"""

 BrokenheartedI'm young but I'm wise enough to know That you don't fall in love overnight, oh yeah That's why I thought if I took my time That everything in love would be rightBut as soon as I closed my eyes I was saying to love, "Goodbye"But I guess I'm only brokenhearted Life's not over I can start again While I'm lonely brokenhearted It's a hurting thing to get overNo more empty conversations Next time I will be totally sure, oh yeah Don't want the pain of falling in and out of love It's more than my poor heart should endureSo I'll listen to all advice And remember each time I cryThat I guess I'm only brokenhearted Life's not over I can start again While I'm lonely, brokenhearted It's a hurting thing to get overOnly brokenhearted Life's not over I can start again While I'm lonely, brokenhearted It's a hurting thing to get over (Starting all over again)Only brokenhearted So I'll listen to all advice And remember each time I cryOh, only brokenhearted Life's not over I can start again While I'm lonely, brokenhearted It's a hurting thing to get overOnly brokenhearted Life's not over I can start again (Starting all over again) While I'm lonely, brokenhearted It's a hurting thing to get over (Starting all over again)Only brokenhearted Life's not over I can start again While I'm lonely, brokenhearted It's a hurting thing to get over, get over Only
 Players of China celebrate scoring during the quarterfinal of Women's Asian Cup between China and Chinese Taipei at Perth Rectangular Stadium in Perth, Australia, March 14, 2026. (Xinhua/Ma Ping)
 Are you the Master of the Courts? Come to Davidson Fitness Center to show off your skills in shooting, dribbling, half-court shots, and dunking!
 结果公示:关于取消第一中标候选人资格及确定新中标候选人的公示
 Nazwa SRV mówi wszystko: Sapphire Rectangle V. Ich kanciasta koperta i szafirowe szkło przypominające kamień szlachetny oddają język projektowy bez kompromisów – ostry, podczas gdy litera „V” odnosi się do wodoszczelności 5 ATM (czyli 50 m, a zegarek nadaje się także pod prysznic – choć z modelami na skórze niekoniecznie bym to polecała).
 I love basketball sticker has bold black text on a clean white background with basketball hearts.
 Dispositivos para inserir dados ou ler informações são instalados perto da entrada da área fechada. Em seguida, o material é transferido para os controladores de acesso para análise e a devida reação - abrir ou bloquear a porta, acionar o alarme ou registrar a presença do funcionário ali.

"""

### Your instructions
Reproduce the data shown above in its entirety, keeping each word as it is.

### Result for this exercise
 BrokenheartedI'm young but I'm wise enough to know That you don't fall in love overnight, oh yeah That's why I thought if I took my time That everything in love would be rightBut as soon as I closed my eyes I was saying to love, "Goodbye"But I guess I'm only brokenhearted Life's not over I can start again While I'm lonely brokenhearted It's a hurting thing to get overNo more empty conversations Next time I will be totally sure, oh yeah Don't want the pain of falling in and out of love It's more than my poor heart should endureSo I'll listen to all advice And remember each time I cryThat I guess I'm only brokenhearted Life's not over I can start again While I'm lonely, brokenhearted It's a hurting thing to get overOnly brokenhearted Life's not over I can start again While I'm lonely, brokenhearted It's a hurting thing to get over (Starting all over again)Only brokenhearted So I'll listen to all advice And remember each time I cryOh, only brokenhearted Life's not over I can start again While I'm lonely, brokenhearted It's a hurting thing to get overOnly brokenhearted Life's not over I can start again (Starting all over again) While I'm lonely, brokenhearted It's a hurting thing to get over (Starting all over again)Only brokenhearted Life's not over I can start again While I'm lonely, brokenhearted It's a hurting thing to get over, get over Only
 Players of China celebrate scoring during the quarterfinal of Women's Asian Cup between China and Chinese Taipei at Perth Rectangular Stadium in Perth, Australia, March 14, 2026. (Xinhua/Ma Ping)
 Are you the Master of the Courts? Come to Davidson Fitness Center to show off your skills in shooting, dribbling, half-court shots, and dunking!
 结果公示:关于取消第一中标候选人资格及确定新中标候选人的公示
 Nazwa SRV mówi wszystko: Sapphire Rectangle V. Ich kanciasta koperta i szafirowe szkło przypominające kamień szlachetny oddają język projektowy bez kompromisów – ostry, podczas gdy litera „V” odnosi się do wodoszczelności 5 ATM (czyli 50 m, a zegarek nadaje się także pod prysznic – choć z modelami na skórze niekoniecznie bym to polecała).
 I love basketball sticker has bold black text on a clean white background with basketball hearts.
 Dispositivos para inserir dados ou ler informações são instalados perto da entrada da área fechada. Em seguida, o material é transferido para os controladores de acesso para análise e a devida reação - abrir ou bloquear a porta, acionar o alarme ou registrar a presença do funcionário ali.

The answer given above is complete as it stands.